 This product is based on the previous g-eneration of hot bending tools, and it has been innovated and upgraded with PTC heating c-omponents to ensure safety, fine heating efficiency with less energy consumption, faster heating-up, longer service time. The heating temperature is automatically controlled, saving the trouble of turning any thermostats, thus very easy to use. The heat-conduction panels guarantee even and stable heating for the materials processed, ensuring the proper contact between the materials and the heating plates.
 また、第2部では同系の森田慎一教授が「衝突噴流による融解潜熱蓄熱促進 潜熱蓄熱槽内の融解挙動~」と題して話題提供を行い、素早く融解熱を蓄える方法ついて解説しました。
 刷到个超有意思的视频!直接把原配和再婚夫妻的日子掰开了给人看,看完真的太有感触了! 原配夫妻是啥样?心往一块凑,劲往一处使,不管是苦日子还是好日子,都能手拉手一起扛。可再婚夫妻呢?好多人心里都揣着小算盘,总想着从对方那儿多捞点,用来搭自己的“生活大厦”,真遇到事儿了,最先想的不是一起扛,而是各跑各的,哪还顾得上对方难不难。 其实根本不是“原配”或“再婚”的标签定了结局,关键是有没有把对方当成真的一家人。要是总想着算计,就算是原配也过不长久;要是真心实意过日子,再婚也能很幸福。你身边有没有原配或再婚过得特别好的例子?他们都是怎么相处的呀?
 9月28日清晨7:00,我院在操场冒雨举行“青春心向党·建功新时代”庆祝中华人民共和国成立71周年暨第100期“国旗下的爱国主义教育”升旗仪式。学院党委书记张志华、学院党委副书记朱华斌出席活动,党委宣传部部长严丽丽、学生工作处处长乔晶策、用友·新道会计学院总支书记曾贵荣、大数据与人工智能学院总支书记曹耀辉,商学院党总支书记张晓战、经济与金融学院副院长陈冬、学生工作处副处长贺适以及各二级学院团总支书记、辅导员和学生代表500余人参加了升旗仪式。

◆ ◆ ◆ ◆ ◆ ◆ ◆

Problem details :: Would you please write out the entire listing exactly?

Response area ::
 This product is based on the previous g-eneration of hot bending tools, and it has been innovated and upgraded with PTC heating c-omponents to ensure safety, fine heating efficiency with less energy consumption, faster heating-up, longer service time. The heating temperature is automatically controlled, saving the trouble of turning any thermostats, thus very easy to use. The heat-conduction panels guarantee even and stable heating for the materials processed, ensuring the proper contact between the materials and the heating plates.
 また、第2部では同系の森田慎一教授が「衝突噴流による融解潜熱蓄熱促進 潜熱蓄熱槽内の融解挙動~」と題して話題提供を行い、素早く融解熱を蓄える方法ついて解説しました。
 刷到个超有意思的视频!直接把原配和再婚夫妻的日子掰开了给人看,看完真的太有感触了! 原配夫妻是啥样?心往一块凑,劲往一处使,不管是苦日子还是好日子,都能手拉手一起扛。可再婚夫妻呢?好多人心里都揣着小算盘,总想着从对方那儿多捞点,用来搭自己的“生活大厦”,真遇到事儿了,最先想的不是一起扛,而是各跑各的,哪还顾得上对方难不难。 其实根本不是“原配”或“再婚”的标签定了结局,关键是有没有把对方当成真的一家人。要是总想着算计,就算是原配也过不长久;要是真心实意过日子,再婚也能很幸福。你身边有没有原配或再婚过得特别好的例子?他们都是怎么相处的呀?
 9月28日清晨7:00,我院在操场冒雨举行“青春心向党·建功新时代”庆祝中华人民共和国成立71周年暨第100期“国旗下的爱国主义教育”升旗仪式。学院党委书记张志华、学院党委副书记朱华斌出席活动,党委宣传部部长严丽丽、学生工作处处长乔晶策、用友·新道会计学院总支书记曾贵荣、大数据与人工智能学院总支书记曹耀辉,商学院党总支书记张晓战、经济与金融学院副院长陈冬、学生工作处副处长贺适以及各二级学院团总支书记、辅导员和学生代表500余人参加了升旗仪式。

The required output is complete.